--- Task item ---
Return exactly the lines from the start of the records below through the line containing "- 50 x FEIN", both ends included, and leave out the pictures.

(Data items)
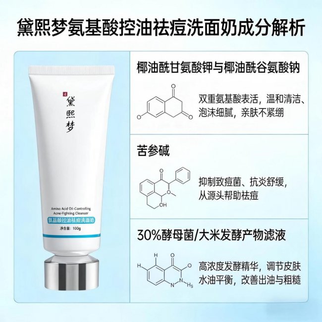 前面说了,闭口变痘的罪魁祸首是细菌。黛熙梦氨基酸控油祛痘洗面奶里添加了苦参碱,这是个好东西,天然植物来源,能抑制痤疮丙酸杆菌的活性。更厉害的是复配了30%酵母菌/大米发酵产物滤液,你可以把它想象成“毛孔清道夫”的导航系统,能精准识别堵塞物并温和代谢掉。
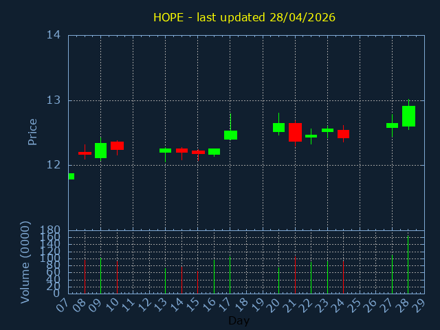 Current Price:13.1, +0.120, +0.92%
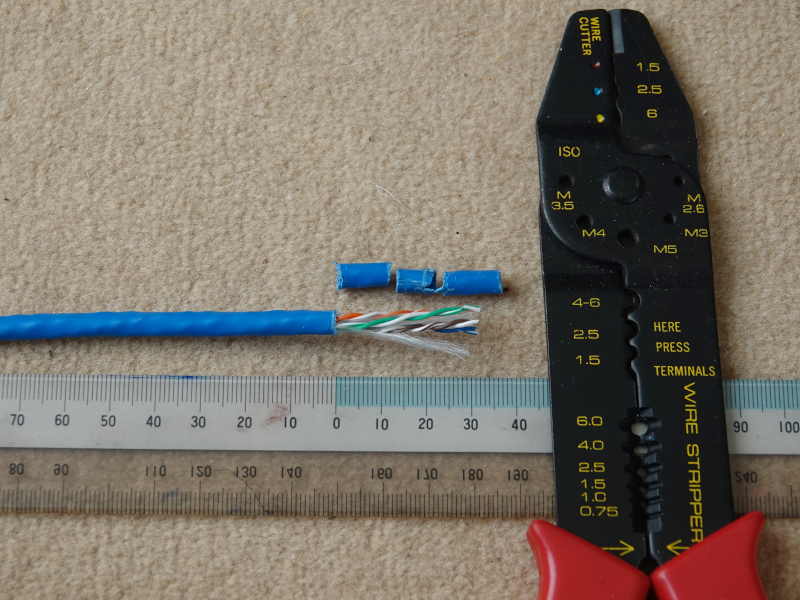 サンワダイレクトLANケーブルCAT6Aは単線仕様であり、割合硬い。Wire Stripperで外皮を取ってみた。このWire Stripperの最大線直径は6mm、きつく挟むと芯線に傷をつけるので、カッターを使ってみた。カッターで外皮に3、4cmの位置に傷を付け、数回折り曲げると割けて簡単に外皮を除くことが出来た。
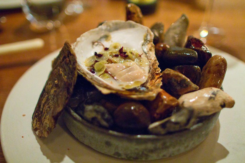 Лим-фьордские устрицы и морские водоросли с крыжовником и пахтой на камнях.
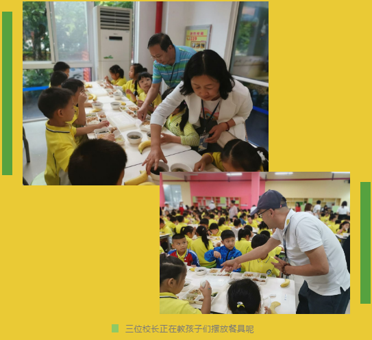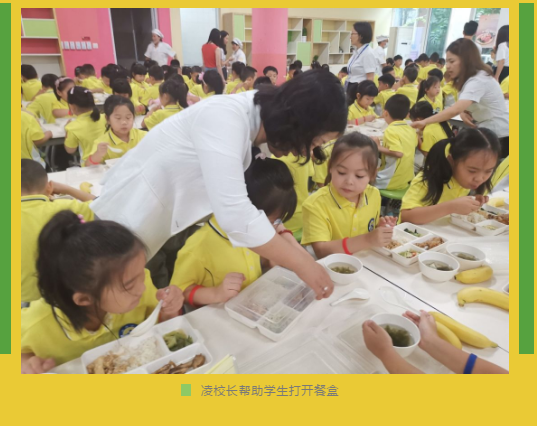 到了用餐时间,三位校长连同所有一年级的老师们一起为新生做好服务工作。在老师们耐心的引导下,新生都能有序地入座、安静地用餐,孩子们品尝着可口的饭菜,脸上洋溢着幸福的笑容。
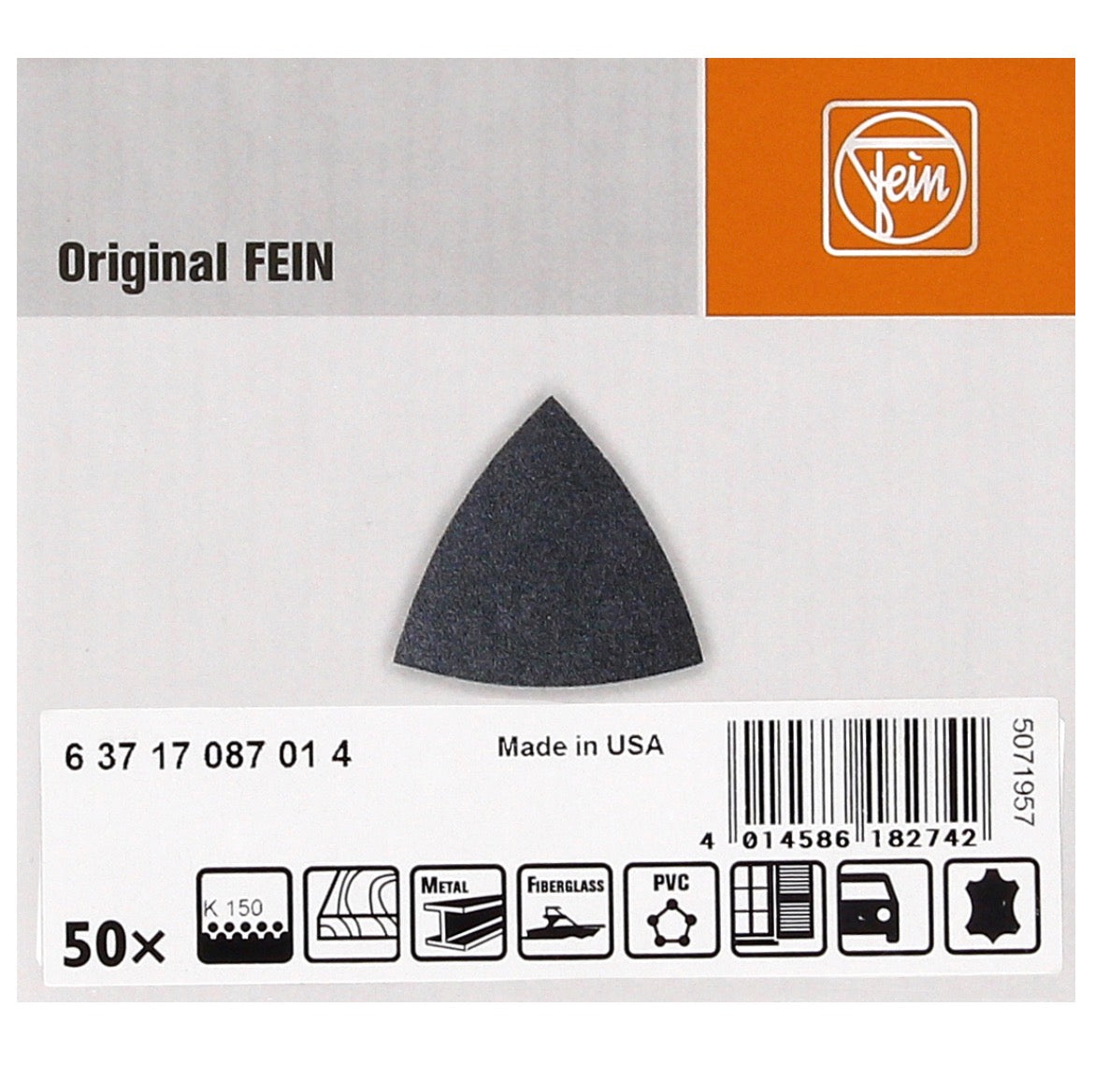 - 50 x FEIN Feuilles abrasives Delta non perforées avec velcro grain 150 (63717087014)
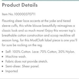 Modcloth It’s The Lace I Can Do Cotton Blouse White Size XS. Essential White cotton top. Tiered Ruffle Sleeves. Sheer Floral Crochet Lace Chest. Scoop neckline, Sweetheart neckline under lace. Bodice 100% cotton. Lace 70% cotton 30% nylon. Victorian Feminine Bridal Shower Daisy Flower Easter Bohemian Boho Peasant Americana July 4th of July Patriotic Coquette Shabby Chic T-Shirt Classic Closet Staple Spring Summer Beach Resort Wear. Length 24” Chest 18” Bottom opening 21” Gently used excellent preowned condition. Sharpie initials on fabric tag. See last photo for how i do measurements they are apprx and on one side.

--- Solution to this task ---
 前面说了,闭口变痘的罪魁祸首是细菌。黛熙梦氨基酸控油祛痘洗面奶里添加了苦参碱,这是个好东西,天然植物来源,能抑制痤疮丙酸杆菌的活性。更厉害的是复配了30%酵母菌/大米发酵产物滤液,你可以把它想象成“毛孔清道夫”的导航系统,能精准识别堵塞物并温和代谢掉。
 Current Price:13.1, +0.120, +0.92%
 サンワダイレクトLANケーブルCAT6Aは単線仕様であり、割合硬い。Wire Stripperで外皮を取ってみた。このWire Stripperの最大線直径は6mm、きつく挟むと芯線に傷をつけるので、カッターを使ってみた。カッターで外皮に3、4cmの位置に傷を付け、数回折り曲げると割けて簡単に外皮を除くことが出来た。
 Лим-фьордские устрицы и морские водоросли с крыжовником и пахтой на камнях.
 到了用餐时间,三位校长连同所有一年级的老师们一起为新生做好服务工作。在老师们耐心的引导下,新生都能有序地入座、安静地用餐,孩子们品尝着可口的饭菜,脸上洋溢着幸福的笑容。
 - 50 x FEIN Feuilles abrasives Delta non perforées avec velcro grain 150 (63717087014)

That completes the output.